━━━━━ THE INPUT ━━━━━

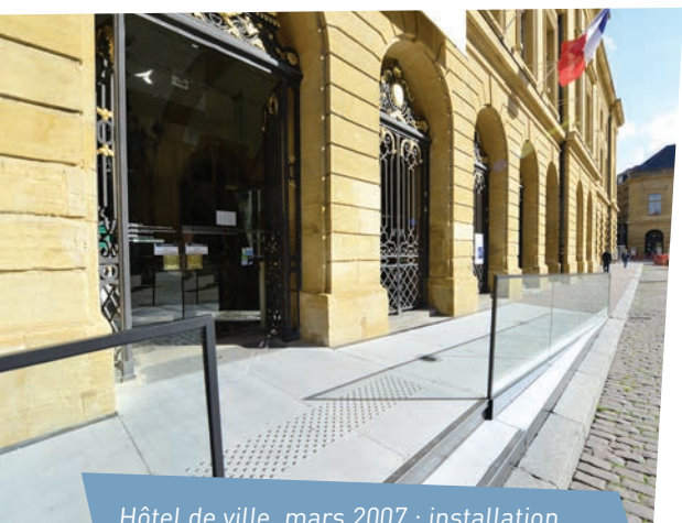
Hôtel de ville, mars 2007 : installation d'une rampe pour faciliter l'accès des personnes à mobilité réduite aux services de la ville.

L'espace urbain adapté est un facteur important de la vie sociale en particulier lorsque la mobilité diminue. Dans ce cas, il peut être facteur d'isolement.
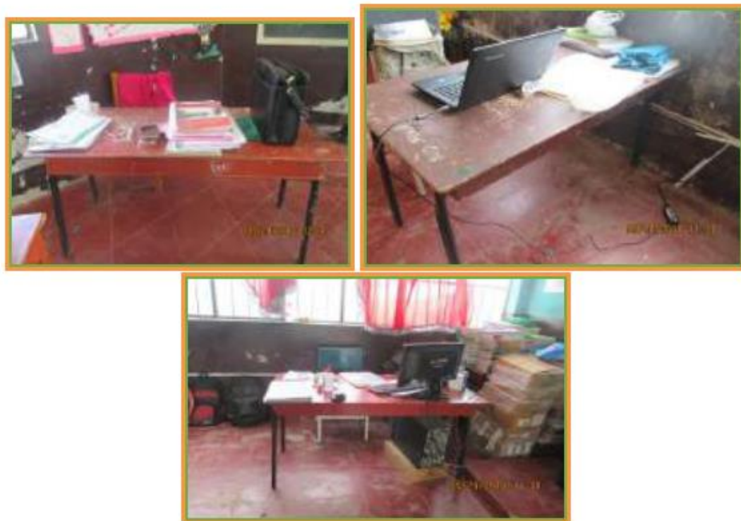
Fotos N° 92 al 94 : En vistas se observa que carecen de mobiliario para los docentes, Dirección.
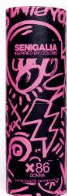
DONNA X86 212 WILL PARTY

Oriental + Floral Notas amaderadas Vainilla, Miel.
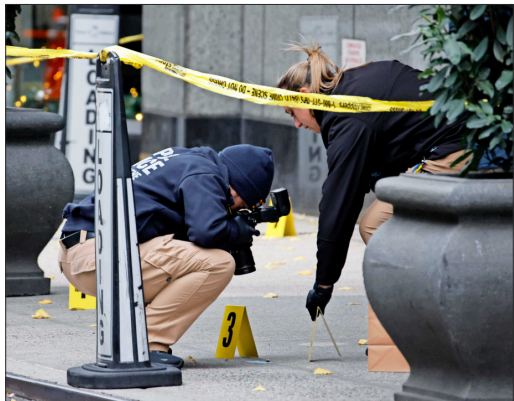
LOS AGENTES de policía han pasado los últimos días investigando la escena del crimen.

El asesino, que según las autoridades actuó de manera "premeditada, planificada y selectiva", fue visto huyendo en bicicleta hacia

━━━━━

__EXERCISE GOAL__: Before you finish, make sure every line above has been repeated exactly and no picture remains in the copy.

__RESPONSE TO THE TASK__:
Hôtel de ville, mars 2007 : installation d'une rampe pour faciliter l'accès des personnes à mobilité réduite aux services de la ville.

L'espace urbain adapté est un facteur important de la vie sociale en particulier lorsque la mobilité diminue. Dans ce cas, il peut être facteur d'isolement.
Fotos N° 92 al 94 : En vistas se observa que carecen de mobiliario para los docentes, Dirección.
DONNA X86 212 WILL PARTY

Oriental + Floral Notas amaderadas Vainilla, Miel.
LOS AGENTES de policía han pasado los últimos días investigando la escena del crimen.

El asesino, que según las autoridades actuó de manera "premeditada, planificada y selectiva", fue visto huyendo en bicicleta hacia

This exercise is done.